As Arendt notes (and I quote the wikipedia page):
“U]nder conditions of terror most people will comply but some people will not, just as the lesson of the countries to which the Final Solution was proposed is that “it could happen” in most places but it did not happen everywhere. Humanly speaking, no more is required, and no more can reasonably be asked, for this planet to remain a place fit for human habitation.”
Not all of us will commit horrendous acts. But some of us will and do.
So I believe that if a politician chooses to contribute to race hate, misogyny, oppression, and other despicable acts, either directly through the construction of legislation or discursively, through the things they say, then they are hateful. Or, in other words, if they say and do evil things, then they are, necessarily, evil. And as Arendt says, this evil may be utterly boring and banal. But it is still evil.
When I was doing work on media coverage of women MPs in Queensland (a very conservative state in Australia), I was struck by the continuum of racism at work. There were clearly extreme examples of racism and race hate (Pauline Hanson was one of them), but racist discourse was actually more complex. The then-prime minister John Howard articulated theories about race and identity which were identical to Hanson’s. He just used bigger words, was a man, and was the prime minister with a political party behind him. But Hanson was always positioned as a political ‘maverick’ and extremist.

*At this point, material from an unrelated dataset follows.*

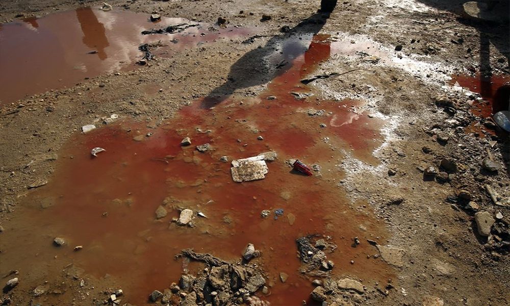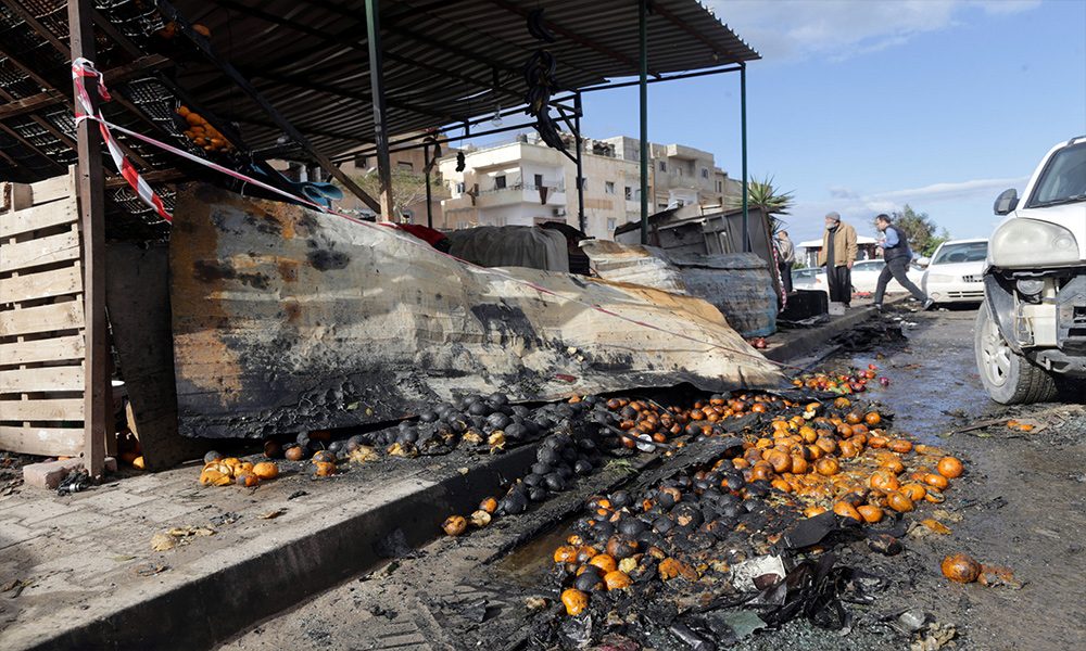 وأظهرت الصور المتداولة على مواقع التواصل الاجتماعي والوكالات من مكان الحادث، الكثير من الدماء وهي تغطي مساحات واسعة من الأرض، فضلاً عن آثار الأضرار الكبيرة التي لحقت بالسيارات المتوقّفة بالمكان ودمار المباني.

Both were saying and doing evil things, but I think Howard’s actions were more influential and ‘more evil’ than Hanson’s, because of his reach and influence. And role in policy making in government.
But referring to the linked article in the OP (and I’m not sure we can rely on that for useful data), “a third of all Americans say they’d be disappointed if a close family member married someone whose partisanship didn’t match their own.”
In an objective moment, this seems like a radical and intolerant position. But we do not operate in objective spaces; we are always subjective. If my family member wanted to marry someone who actively and vocally supported a hard right nationalist front type political party (ie neo-nazis), I’d be pretty upset. Especially if my partner was black (I’m a white woman).
In an Australian context, though, things are a little different. Our two major political parties are currently competing for Most Morally Absent. Both have supported and participated in setting up offshore detention, the Northern Territory Intervention, etc etc etc.
Even issues which seem less ‘dangerous’ are problematic. A smaller government requires the dismantling of state-run public services like health care, education, national parks. A reduction in taxes means a reduction in funding for public services like the maintenance of roads and railways. I can’t really speak to the matter of states’ rights, as the Australian and American understanding of federalism and states is so different.
…nb I am referring to the Holocaust and anti-semitism specifically, as the current push towards far right politics and the rise of nationalism, in addition to race-based legislation and the increasing power of the police is just a bit too familiar.
This is not a new thing: we have seen this before in Germany. We should be very concerned.